= Beginning of Section =

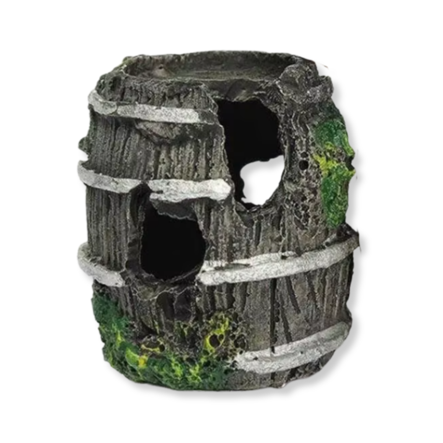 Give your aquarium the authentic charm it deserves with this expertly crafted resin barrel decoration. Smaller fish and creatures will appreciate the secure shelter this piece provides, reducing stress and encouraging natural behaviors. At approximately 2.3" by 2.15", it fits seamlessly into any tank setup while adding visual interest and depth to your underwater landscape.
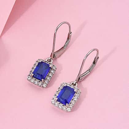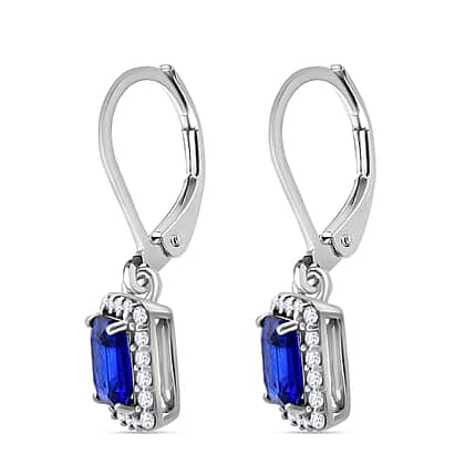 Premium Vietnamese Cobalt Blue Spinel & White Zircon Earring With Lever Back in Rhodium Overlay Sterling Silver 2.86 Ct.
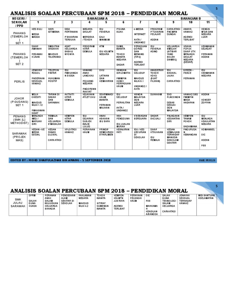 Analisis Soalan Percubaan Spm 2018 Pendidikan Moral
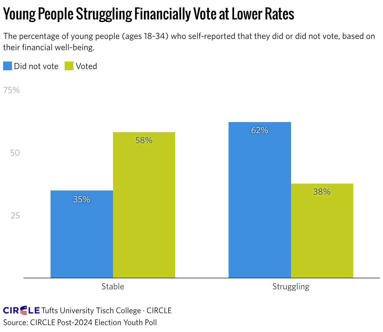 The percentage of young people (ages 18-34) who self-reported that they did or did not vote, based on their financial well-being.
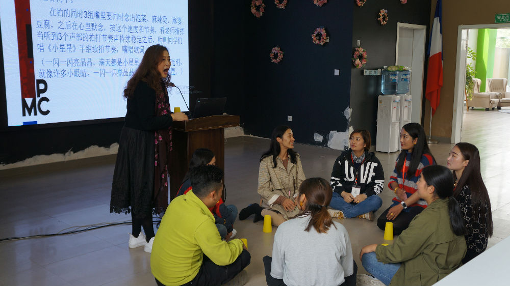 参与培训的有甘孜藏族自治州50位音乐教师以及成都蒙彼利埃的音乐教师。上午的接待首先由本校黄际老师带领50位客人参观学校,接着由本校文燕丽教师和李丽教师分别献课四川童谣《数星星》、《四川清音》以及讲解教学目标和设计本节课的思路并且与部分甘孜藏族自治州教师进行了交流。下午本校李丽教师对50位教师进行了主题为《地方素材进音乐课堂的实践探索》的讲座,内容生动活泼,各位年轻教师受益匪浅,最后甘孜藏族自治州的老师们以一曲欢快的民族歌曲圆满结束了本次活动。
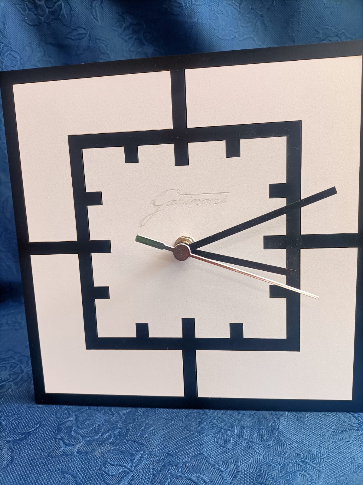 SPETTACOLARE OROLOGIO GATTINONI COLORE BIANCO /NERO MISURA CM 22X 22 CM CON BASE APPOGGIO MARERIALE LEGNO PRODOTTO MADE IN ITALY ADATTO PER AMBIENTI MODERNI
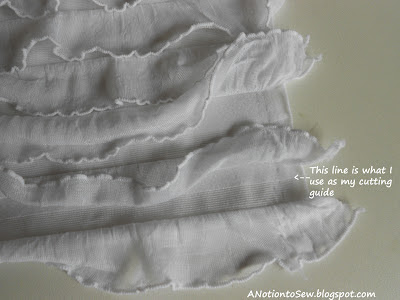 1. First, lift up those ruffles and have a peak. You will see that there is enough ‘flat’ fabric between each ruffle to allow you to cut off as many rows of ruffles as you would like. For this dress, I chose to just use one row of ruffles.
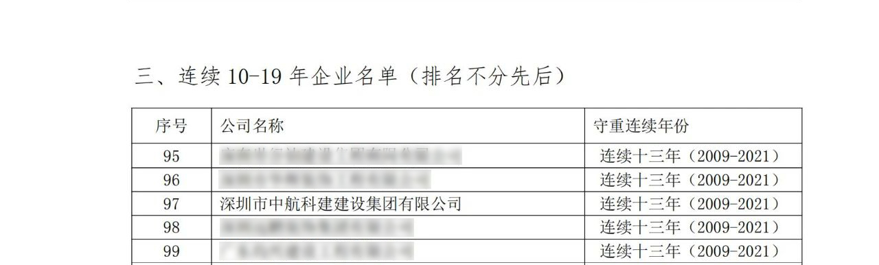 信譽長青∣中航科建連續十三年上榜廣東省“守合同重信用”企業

= End of Section =

Copy exactly the lines running from the line with "Analisis Soalan Percubaan" to the final line of the listing, keeping both ends and dropping any picture.

### Your solution
 Analisis Soalan Percubaan Spm 2018 Pendidikan Moral
 The percentage of young people (ages 18-34) who self-reported that they did or did not vote, based on their financial well-being.
 参与培训的有甘孜藏族自治州50位音乐教师以及成都蒙彼利埃的音乐教师。上午的接待首先由本校黄际老师带领50位客人参观学校,接着由本校文燕丽教师和李丽教师分别献课四川童谣《数星星》、《四川清音》以及讲解教学目标和设计本节课的思路并且与部分甘孜藏族自治州教师进行了交流。下午本校李丽教师对50位教师进行了主题为《地方素材进音乐课堂的实践探索》的讲座,内容生动活泼,各位年轻教师受益匪浅,最后甘孜藏族自治州的老师们以一曲欢快的民族歌曲圆满结束了本次活动。
 SPETTACOLARE OROLOGIO GATTINONI COLORE BIANCO /NERO MISURA CM 22X 22 CM CON BASE APPOGGIO MARERIALE LEGNO PRODOTTO MADE IN ITALY ADATTO PER AMBIENTI MODERNI
 1. First, lift up those ruffles and have a peak. You will see that there is enough ‘flat’ fabric between each ruffle to allow you to cut off as many rows of ruffles as you would like. For this dress, I chose to just use one row of ruffles.
 信譽長青∣中航科建連續十三年上榜廣東省“守合同重信用”企業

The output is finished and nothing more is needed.